YAML Metadata Warning: empty or missing yaml metadata in repo card (https://huggingface.co/docs/hub/model-cards#model-card-metadata)

auto-g-embed-st

auto-g-embed-st is effectively all-MiniLM-L6-v2 with almost no meaningful change.

The auto-g-embed SentenceTransformer model is essentially a lightly fine-tuned clone of all-MiniLM-L6-v2: it starts directly from MiniLM weights, is trained for only one epoch on ~24k pairs, uses the exact same architecture, tokenizer, pooling, and normalization, and achieves nearly identical MTEB scores (a difference of ~0.0003, which is statistical noise). While the broader project also includes a completely separate, much faster Rust-based embedder, the published and evaluated model is the MiniLM-derived one. As a result, the fine-tuning does not meaningfully alter retrieval performance.

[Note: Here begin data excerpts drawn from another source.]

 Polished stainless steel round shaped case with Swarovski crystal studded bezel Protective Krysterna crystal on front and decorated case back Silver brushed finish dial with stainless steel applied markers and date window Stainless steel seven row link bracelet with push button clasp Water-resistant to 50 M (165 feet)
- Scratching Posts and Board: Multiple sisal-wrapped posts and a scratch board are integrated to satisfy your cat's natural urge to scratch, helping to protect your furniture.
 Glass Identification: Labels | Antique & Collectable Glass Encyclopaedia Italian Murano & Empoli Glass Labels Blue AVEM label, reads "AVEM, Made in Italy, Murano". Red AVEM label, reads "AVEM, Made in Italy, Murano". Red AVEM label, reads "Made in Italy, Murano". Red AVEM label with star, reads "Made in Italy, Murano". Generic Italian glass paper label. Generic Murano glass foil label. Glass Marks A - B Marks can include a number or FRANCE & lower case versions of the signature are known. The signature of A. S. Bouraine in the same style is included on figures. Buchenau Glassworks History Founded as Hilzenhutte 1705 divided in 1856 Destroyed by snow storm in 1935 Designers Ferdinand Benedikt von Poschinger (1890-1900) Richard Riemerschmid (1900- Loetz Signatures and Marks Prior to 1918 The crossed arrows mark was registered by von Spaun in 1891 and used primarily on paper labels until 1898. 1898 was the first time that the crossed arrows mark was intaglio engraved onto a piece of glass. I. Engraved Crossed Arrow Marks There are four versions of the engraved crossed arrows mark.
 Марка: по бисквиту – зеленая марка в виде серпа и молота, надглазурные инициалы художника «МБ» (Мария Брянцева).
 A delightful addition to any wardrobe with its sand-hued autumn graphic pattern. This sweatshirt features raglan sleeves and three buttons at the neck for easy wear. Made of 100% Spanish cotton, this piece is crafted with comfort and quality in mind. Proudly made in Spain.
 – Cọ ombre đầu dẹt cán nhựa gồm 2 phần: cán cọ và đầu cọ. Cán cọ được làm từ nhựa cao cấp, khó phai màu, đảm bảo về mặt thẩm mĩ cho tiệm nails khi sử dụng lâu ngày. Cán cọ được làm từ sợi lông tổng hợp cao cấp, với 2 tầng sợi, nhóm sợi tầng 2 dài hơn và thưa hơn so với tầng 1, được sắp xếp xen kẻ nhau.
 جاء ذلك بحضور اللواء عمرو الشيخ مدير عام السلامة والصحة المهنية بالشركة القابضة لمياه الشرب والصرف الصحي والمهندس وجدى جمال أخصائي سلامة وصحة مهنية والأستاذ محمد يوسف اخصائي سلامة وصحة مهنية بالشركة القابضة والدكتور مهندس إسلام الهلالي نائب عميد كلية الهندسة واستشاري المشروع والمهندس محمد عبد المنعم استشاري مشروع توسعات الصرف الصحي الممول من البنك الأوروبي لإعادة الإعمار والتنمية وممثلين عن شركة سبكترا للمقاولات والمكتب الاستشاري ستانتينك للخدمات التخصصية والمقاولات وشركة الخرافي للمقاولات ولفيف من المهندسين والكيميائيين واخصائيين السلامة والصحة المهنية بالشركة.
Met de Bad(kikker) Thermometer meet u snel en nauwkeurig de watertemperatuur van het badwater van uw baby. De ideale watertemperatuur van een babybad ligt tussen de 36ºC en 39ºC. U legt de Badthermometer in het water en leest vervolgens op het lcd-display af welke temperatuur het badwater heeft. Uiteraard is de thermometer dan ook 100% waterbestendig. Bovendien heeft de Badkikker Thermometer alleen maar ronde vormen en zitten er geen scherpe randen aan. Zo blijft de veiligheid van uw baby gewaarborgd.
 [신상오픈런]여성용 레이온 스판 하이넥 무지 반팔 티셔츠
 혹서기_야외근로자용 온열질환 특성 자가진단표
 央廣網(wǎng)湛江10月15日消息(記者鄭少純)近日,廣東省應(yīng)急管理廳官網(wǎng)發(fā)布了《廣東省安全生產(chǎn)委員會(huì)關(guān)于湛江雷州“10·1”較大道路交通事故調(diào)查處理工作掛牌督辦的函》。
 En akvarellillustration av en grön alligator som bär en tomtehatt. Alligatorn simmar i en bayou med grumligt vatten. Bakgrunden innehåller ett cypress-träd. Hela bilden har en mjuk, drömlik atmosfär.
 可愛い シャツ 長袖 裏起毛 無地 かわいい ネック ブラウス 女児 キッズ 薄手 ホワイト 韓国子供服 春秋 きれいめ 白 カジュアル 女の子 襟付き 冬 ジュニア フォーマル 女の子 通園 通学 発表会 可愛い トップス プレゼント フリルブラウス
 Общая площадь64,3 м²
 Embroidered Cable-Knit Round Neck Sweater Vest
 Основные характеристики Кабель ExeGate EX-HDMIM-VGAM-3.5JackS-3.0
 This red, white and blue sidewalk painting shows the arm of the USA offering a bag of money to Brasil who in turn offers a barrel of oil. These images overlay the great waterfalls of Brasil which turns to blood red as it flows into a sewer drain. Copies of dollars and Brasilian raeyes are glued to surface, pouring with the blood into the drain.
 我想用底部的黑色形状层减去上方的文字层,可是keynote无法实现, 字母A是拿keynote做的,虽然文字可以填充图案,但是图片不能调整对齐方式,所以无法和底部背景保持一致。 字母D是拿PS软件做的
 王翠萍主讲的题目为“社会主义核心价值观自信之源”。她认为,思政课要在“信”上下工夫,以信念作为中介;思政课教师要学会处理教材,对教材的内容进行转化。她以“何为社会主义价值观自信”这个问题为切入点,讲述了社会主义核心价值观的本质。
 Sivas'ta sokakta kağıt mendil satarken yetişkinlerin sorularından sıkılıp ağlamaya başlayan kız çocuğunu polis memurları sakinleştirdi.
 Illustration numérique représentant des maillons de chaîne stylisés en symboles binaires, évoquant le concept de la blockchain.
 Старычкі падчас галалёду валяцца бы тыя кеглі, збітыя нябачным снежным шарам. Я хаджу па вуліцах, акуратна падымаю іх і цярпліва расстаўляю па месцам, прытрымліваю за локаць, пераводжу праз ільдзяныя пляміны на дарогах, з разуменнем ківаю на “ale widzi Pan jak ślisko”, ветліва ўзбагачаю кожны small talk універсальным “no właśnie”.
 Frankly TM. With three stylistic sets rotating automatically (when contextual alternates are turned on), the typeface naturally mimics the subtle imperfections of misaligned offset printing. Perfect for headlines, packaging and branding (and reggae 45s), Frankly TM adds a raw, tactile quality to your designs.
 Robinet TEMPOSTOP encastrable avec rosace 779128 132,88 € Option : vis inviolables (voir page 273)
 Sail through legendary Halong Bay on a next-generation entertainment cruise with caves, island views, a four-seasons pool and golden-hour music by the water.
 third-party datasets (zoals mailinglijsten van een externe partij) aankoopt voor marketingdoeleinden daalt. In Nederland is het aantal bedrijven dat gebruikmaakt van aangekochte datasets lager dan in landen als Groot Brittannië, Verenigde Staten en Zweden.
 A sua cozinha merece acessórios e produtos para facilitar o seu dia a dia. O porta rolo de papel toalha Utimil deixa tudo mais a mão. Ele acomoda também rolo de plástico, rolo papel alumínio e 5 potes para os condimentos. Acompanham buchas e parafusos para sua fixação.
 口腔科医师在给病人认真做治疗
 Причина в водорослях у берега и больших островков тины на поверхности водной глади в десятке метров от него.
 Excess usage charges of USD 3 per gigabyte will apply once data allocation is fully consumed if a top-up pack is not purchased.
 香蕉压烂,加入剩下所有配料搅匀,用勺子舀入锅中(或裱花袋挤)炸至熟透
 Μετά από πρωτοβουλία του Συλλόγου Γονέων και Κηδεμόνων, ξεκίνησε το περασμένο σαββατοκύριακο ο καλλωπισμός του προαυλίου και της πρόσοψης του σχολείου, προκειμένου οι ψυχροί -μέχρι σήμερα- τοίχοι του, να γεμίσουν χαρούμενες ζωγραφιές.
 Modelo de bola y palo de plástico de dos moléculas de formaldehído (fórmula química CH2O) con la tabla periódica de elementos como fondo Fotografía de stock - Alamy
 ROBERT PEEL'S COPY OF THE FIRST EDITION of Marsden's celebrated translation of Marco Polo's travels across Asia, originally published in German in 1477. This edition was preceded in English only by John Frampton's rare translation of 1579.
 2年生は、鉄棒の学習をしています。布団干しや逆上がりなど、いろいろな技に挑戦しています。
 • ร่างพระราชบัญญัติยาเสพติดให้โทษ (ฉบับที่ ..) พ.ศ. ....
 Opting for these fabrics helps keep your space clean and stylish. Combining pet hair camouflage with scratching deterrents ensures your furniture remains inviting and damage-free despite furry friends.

Local semantic embedding pipeline with a Rust-native runtime.

What this repo provides

Contrastive dataset preparation (prepare_contrastive)
Rust-native embedder training (train_rust_embedder)
Runtime embedding APIs and examples
Optional ONNX/SentenceTransformer path in training/

Quick start

cargo test

./training/run_pipeline.sh \
  --profile kaggle_questions_million \
  --source-csv data/kaggle/one-million-reddit-questions.csv

Run the Rust embedding example:

cargo run --example rust_embed -- \
  artifacts/model/rust-embedder \
  "A quick test sentence for semantic embeddings."

Model artifacts

Published model artifacts are available on Hugging Face:

https://huggingface.co/geoffsee/auto-g-embed

Project layout

src/: library modules and binaries
examples/: runnable embedding demos
tests/: integration/performance tests
training/: pipeline scripts and dataset adapters

Development checks

cargo fmt --all -- --check
cargo clippy --all-targets --all-features -- -D warnings
cargo test

Community Benchmark

Run the reproducible benchmark CLI:

cargo run --release --bin community_benchmark -- \
  --output artifacts/benchmarks/latest.json

The output includes throughput, latency percentiles (p50/p95/p99), retrieval quality metrics, and environment metadata for publishing. Methodology and reporting guidance: BENCHMARKS.md.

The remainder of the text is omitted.